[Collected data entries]
++++++++++
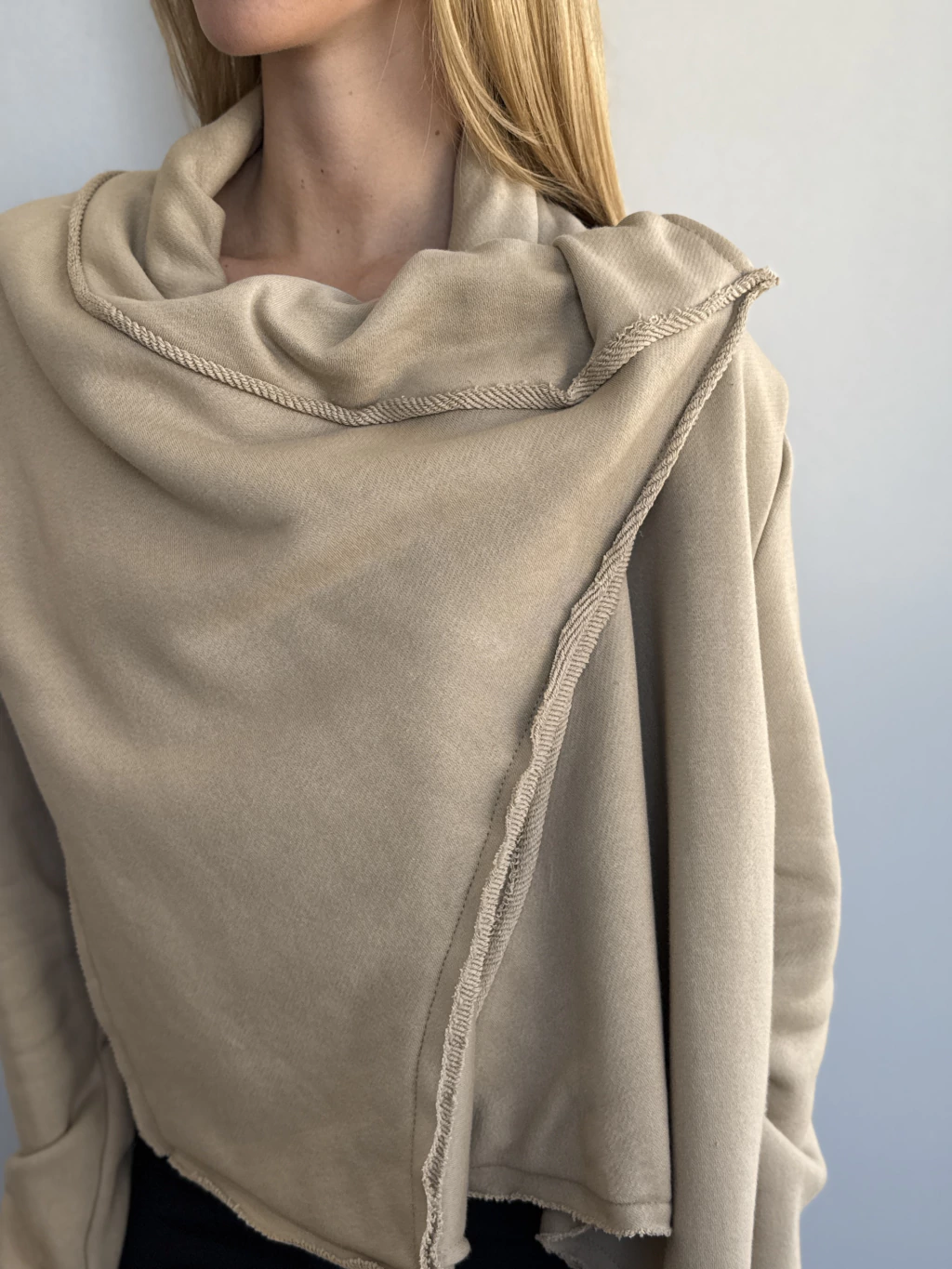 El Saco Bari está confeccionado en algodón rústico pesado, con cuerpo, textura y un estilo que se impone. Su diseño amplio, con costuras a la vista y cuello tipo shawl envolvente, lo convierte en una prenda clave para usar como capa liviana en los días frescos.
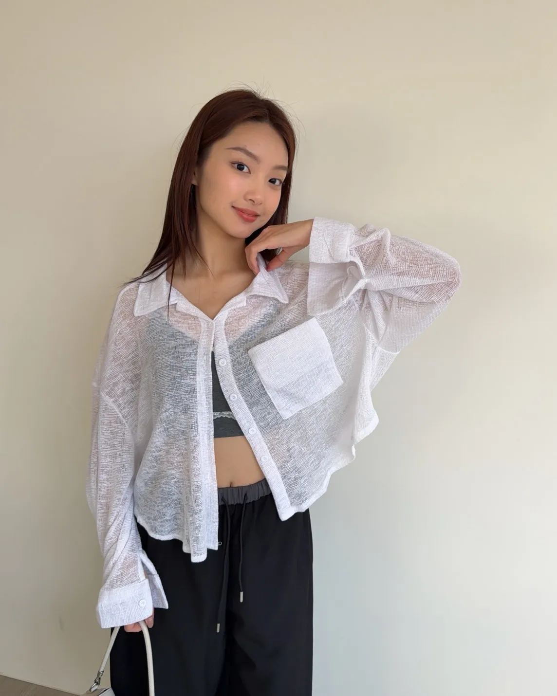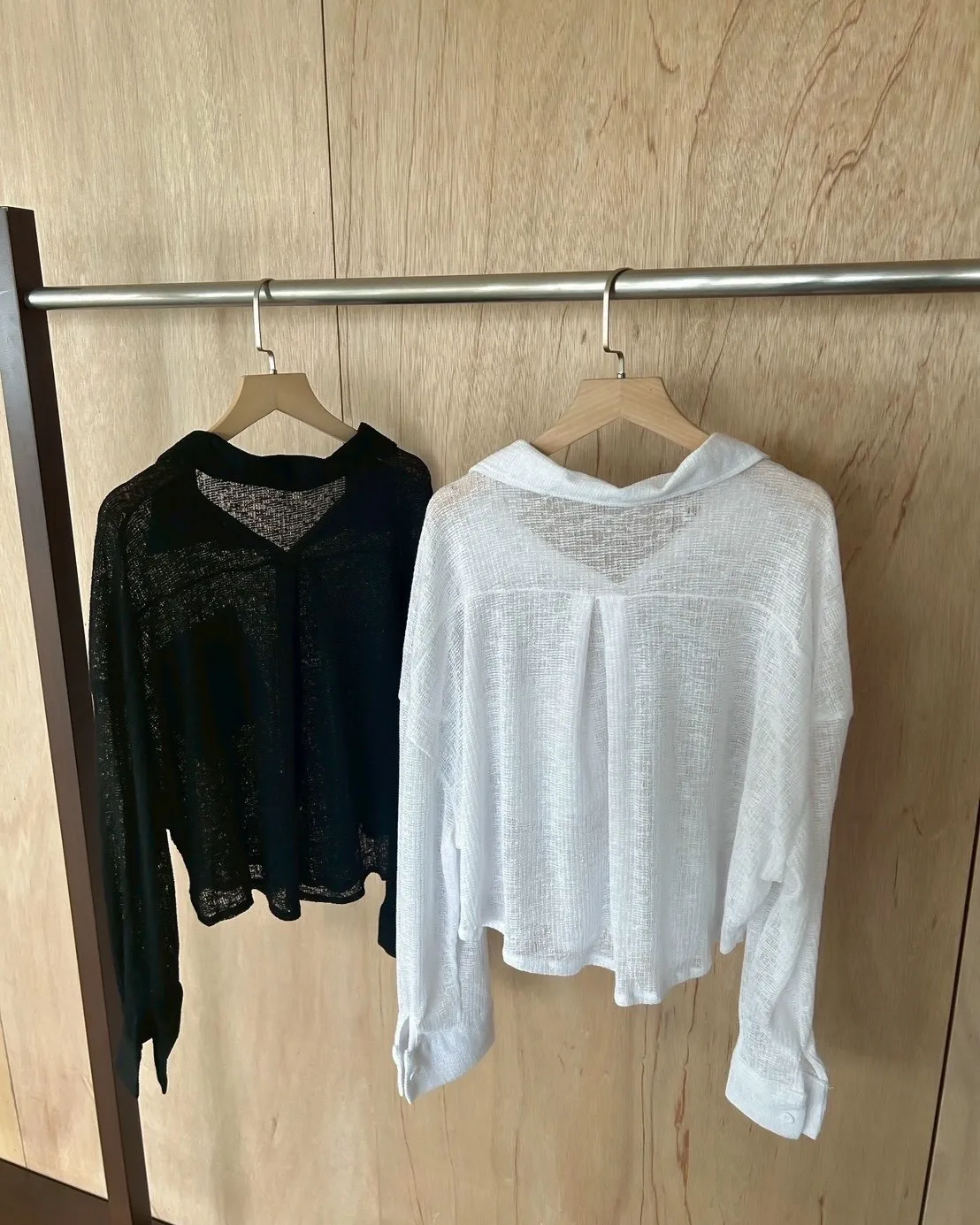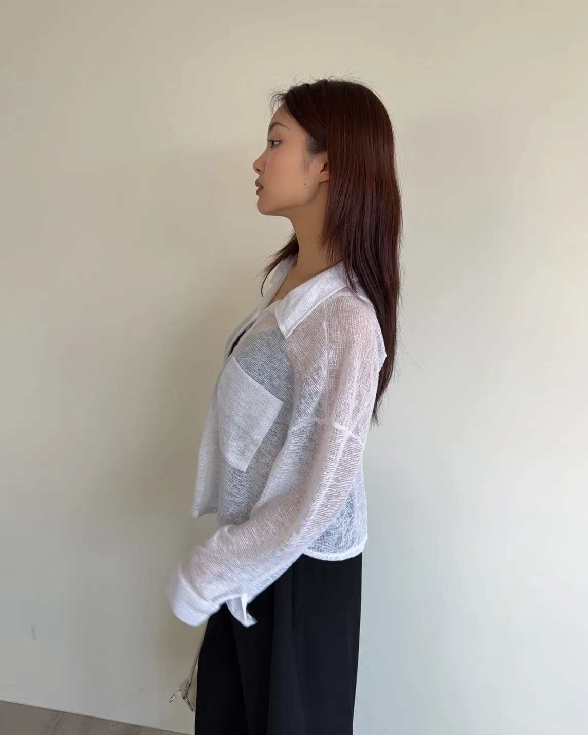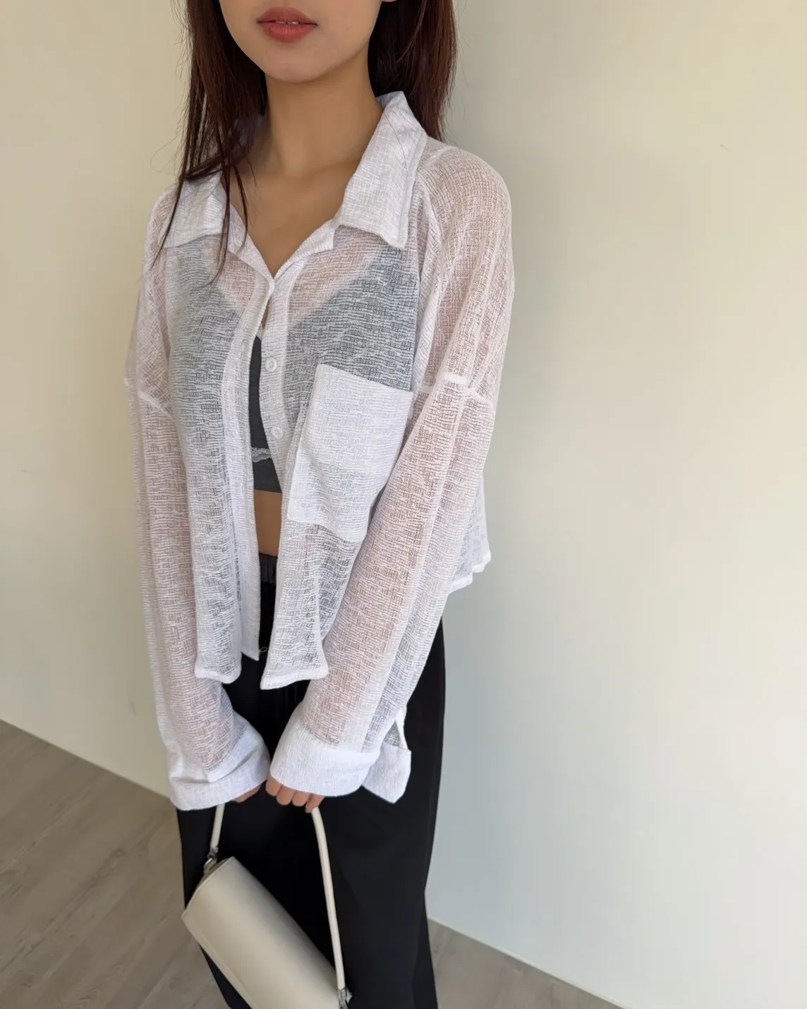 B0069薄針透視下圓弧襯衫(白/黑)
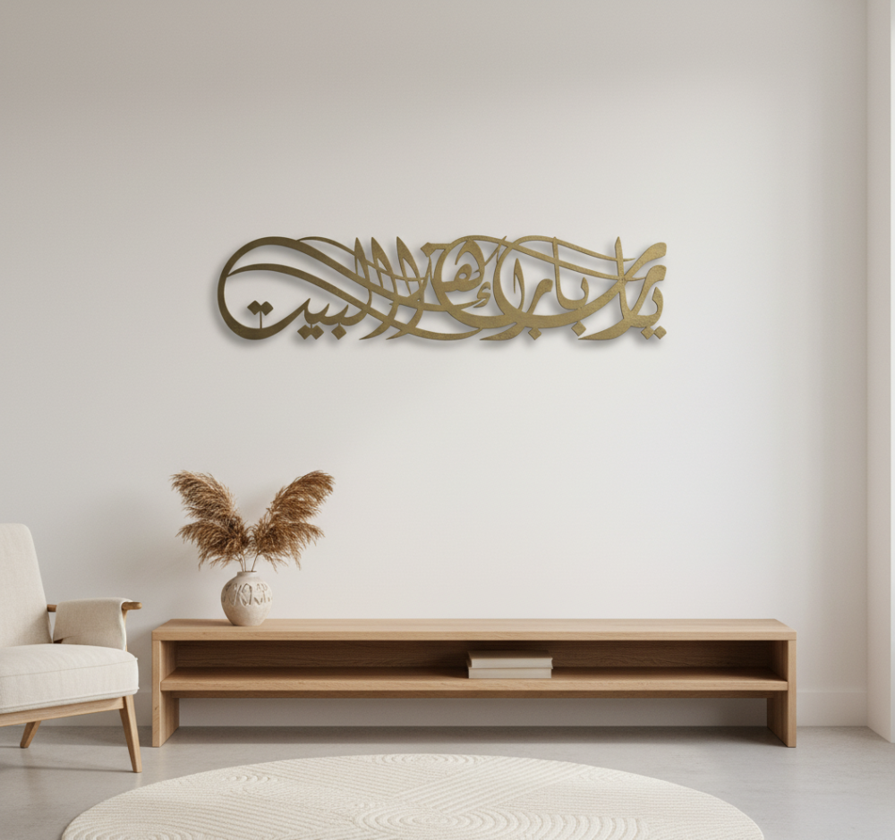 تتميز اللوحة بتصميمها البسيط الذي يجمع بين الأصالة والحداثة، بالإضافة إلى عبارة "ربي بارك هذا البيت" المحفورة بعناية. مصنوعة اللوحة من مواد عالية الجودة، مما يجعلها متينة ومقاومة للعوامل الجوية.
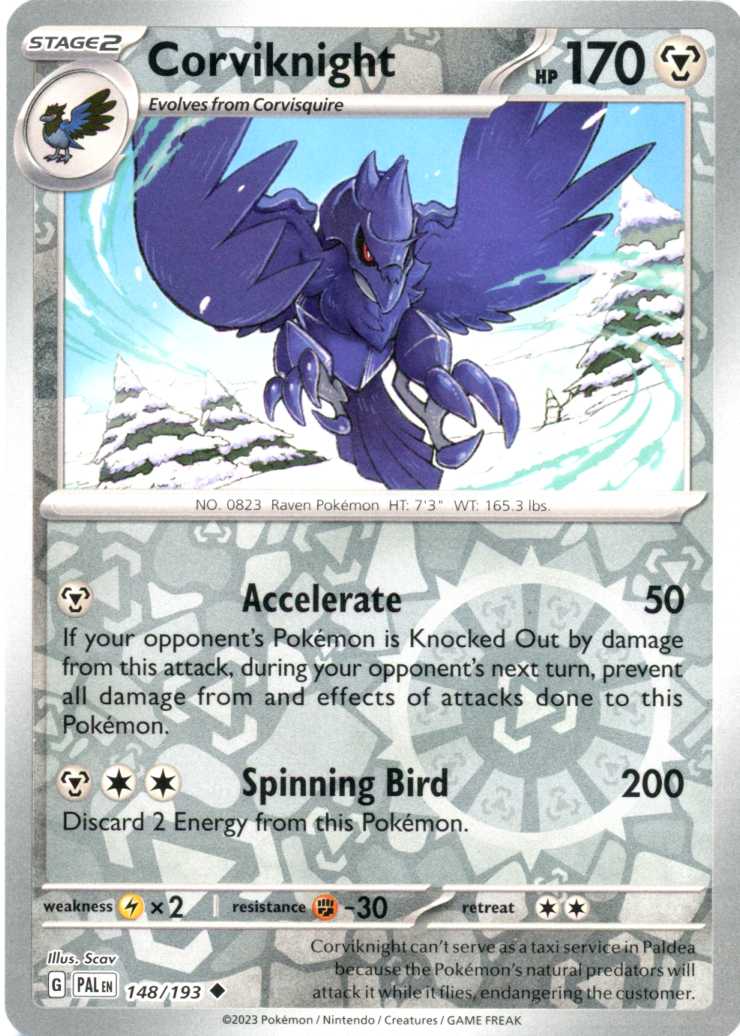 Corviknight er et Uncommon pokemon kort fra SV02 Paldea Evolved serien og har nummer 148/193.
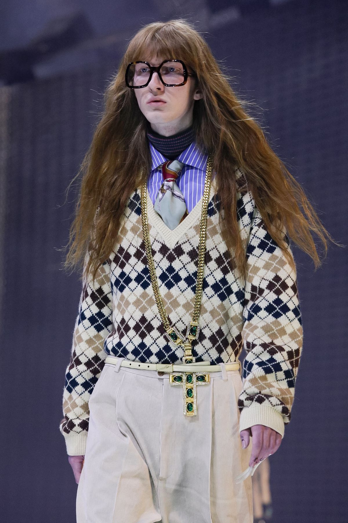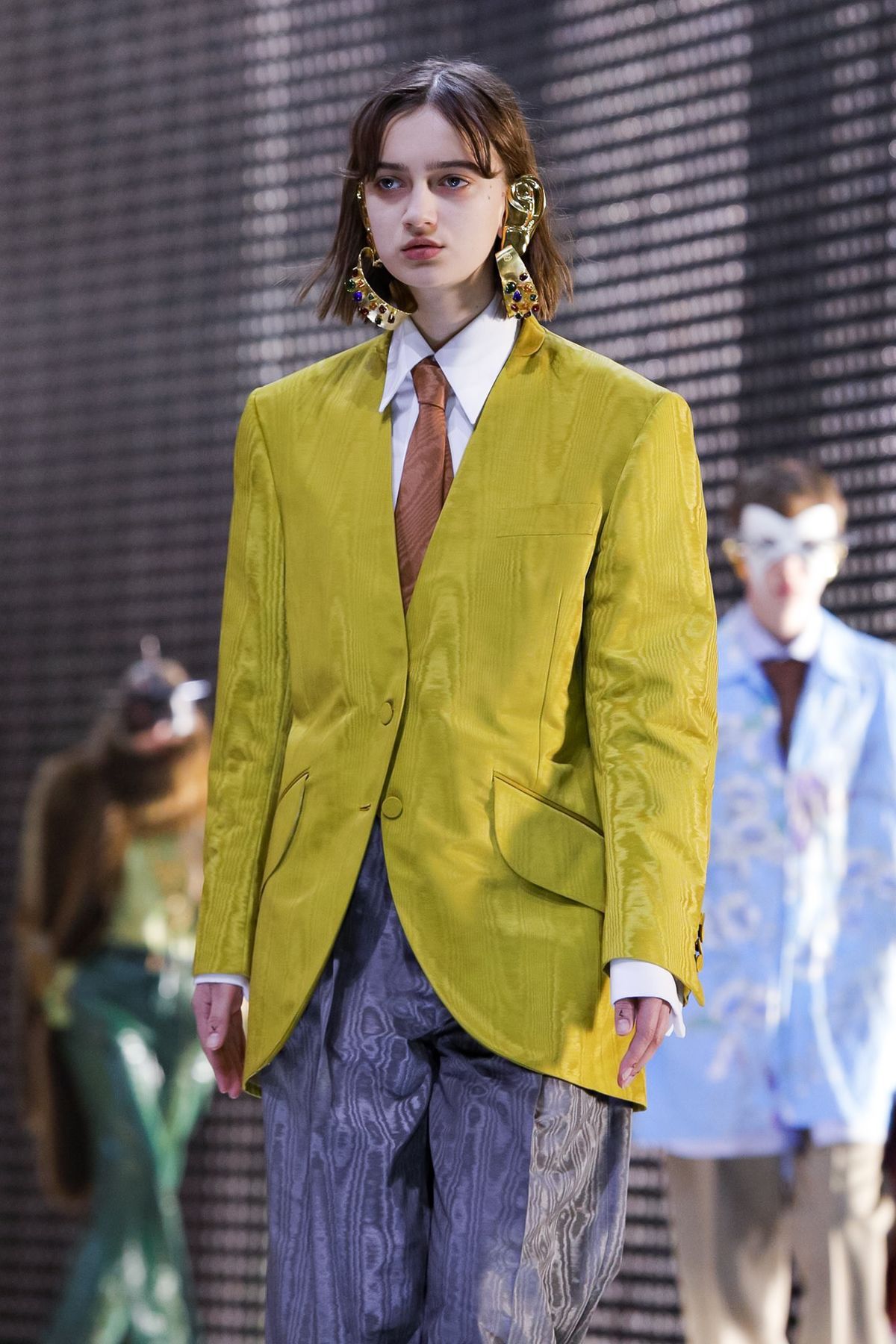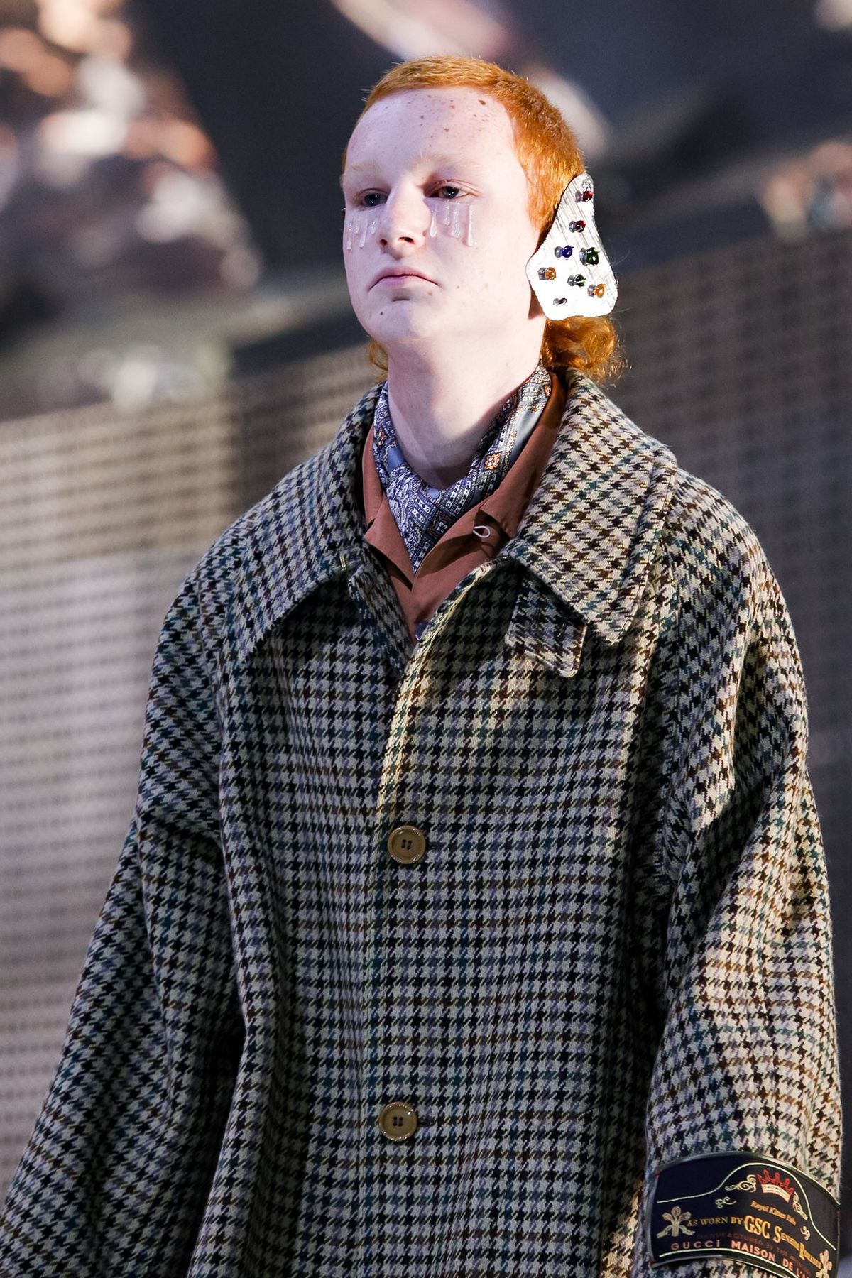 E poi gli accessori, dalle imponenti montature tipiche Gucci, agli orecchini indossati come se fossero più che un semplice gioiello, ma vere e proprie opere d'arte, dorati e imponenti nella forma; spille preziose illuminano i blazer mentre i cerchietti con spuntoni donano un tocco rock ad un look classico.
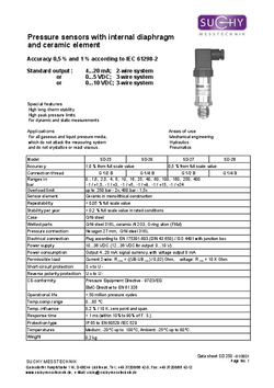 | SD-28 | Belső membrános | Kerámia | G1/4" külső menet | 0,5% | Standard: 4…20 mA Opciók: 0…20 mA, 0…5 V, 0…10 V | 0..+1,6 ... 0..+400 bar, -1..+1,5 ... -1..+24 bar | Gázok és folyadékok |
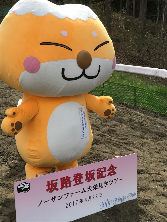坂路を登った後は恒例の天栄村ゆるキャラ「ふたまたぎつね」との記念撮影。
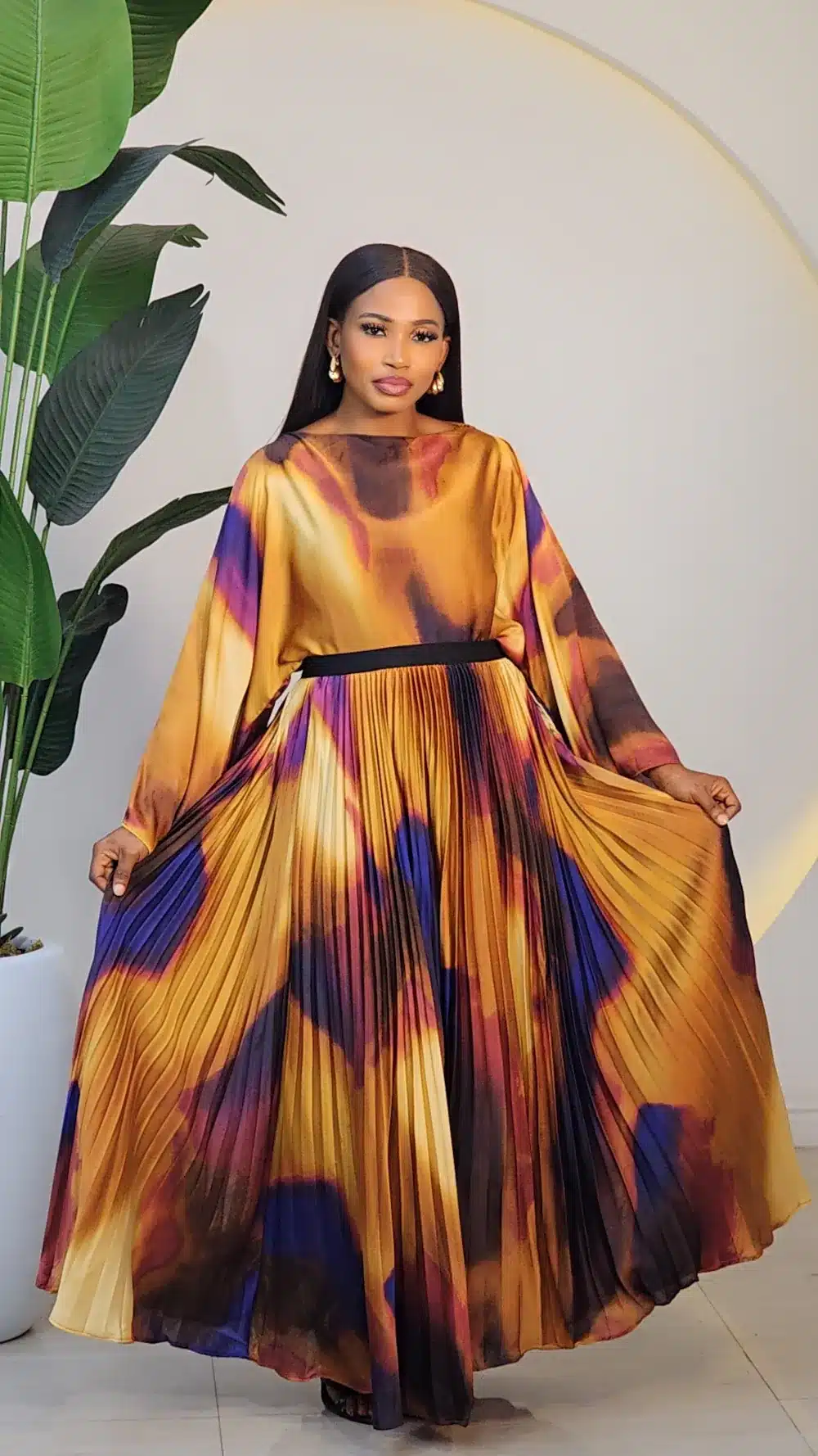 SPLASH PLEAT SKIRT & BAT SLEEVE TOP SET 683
++++++++++
Your task →
Give again, exactly, the lines starting at the first entry above and ending at the line with "Corviknight er et"; please leave pictures out.

Problem solution →
 El Saco Bari está confeccionado en algodón rústico pesado, con cuerpo, textura y un estilo que se impone. Su diseño amplio, con costuras a la vista y cuello tipo shawl envolvente, lo convierte en una prenda clave para usar como capa liviana en los días frescos.
 B0069薄針透視下圓弧襯衫(白/黑)
 تتميز اللوحة بتصميمها البسيط الذي يجمع بين الأصالة والحداثة، بالإضافة إلى عبارة "ربي بارك هذا البيت" المحفورة بعناية. مصنوعة اللوحة من مواد عالية الجودة، مما يجعلها متينة ومقاومة للعوامل الجوية.
 Corviknight er et Uncommon pokemon kort fra SV02 Paldea Evolved serien og har nummer 148/193.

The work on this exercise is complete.